I'm working with a dataset where multiple values in a cell are tagged under categories like Location, Host, Guest, and Bucket, and separated by line breaks. I need to split these into separate columns based on the tags, but the values are inconsistent, so separating by line break creates many unwanted columns.
Below are some cells that I want to format in a specific way (see format style image attached below)
Location / Hosts / Guests / Regulars / Musicians / Band Members / Bucket Pulls |
---|
Location: Comedy Store Belly Room Host: Tony Hinchcliffe Host: Brian Redban Guest: Rick Ingraham Bucket: Skyler Bucket: Rich Slaton Bucket: Jeff Schwind Bucket: Matt Devlin Bucket: Taylor Dean Bucket: Frank Castillo Bucket: Kenny Lion Bucket: Mike Stanley Bucket: Andrew Yanker Bucket: Sara Mostajabi Bucket: Timothy Greer Bucket: Kyle Henson |
Location: Comedy Store Main Room Host: Tony Hinchcliffe Host: Brian Redban Guest: Joe Rogan Guest: Dom Irrera Musical Guest: Pat Regan Musical Guest: Jeremiah Watkins Security: Iron Patriot Bucket: Chris Fried Bucket: Dan Madonia Bucket: Gail Travers Bucket: Chalus Robinson Bucket: Dan Bublitz Bucket: Mike Fairbare Bucket: Eddie Gibson Regular: Sara Weinshenk Regular: Kim Congdon |
Location: Comedy Store Belly Room Host: Tony Hinchcliffe Host: Brian Redban Guest: Chris D’Elia Guest: Neal Brennan Musical Guest: Pat Regan Artist: Ryan J. Ebelt Bucket Signups: 30 Bucket: Matty Chymbor Bucket: David Deery Bucket: Franklin Yee Bucket: Cole Young Bucket: Gali Kroup Bucket: Jeremy Paul Bucket: Tim Alexander Bucket: Mike Schmidt Regular: Sara Weinshenk Bucket: Eddie Gibson |
When I use a delimiter to separate the data, it works well for the Location and Host columns because they are similar throughout the column, but the other values (like Guest and Bucket) are inconsistent across cells, so they spill into different columns after separation.
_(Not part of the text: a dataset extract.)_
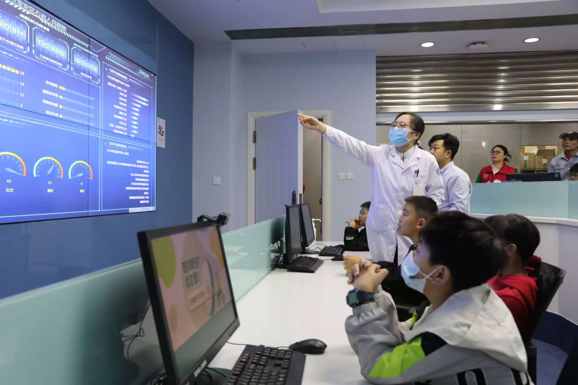 在港澳居民健康服务中心,“小医生”们了解了服务中心为港澳居民提供的特色服务和便利措施。
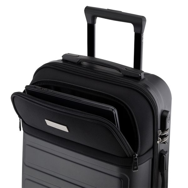 Mala de viagem com segredo, feita em plástico ABS e tecido, possui 2 divisões internas, sistema de carrinho de aço, alça de mão superior e lateral, rodas 360 graus e acompanha plaquinha para personalização.

This is causing issues when trying to structure the data correctly.
I've already cleaned most of the dataset, but I'm stuck on how to handle these inconsistent patterns. I have spent hours trying to figure it out, tried using different formulas like textsplit,wrapcols,wraprows, etc but to no avail. I am so frustrated please help.
Could you suggest the best way to tackle this? Any advice or suggestions would be greatly appreciated!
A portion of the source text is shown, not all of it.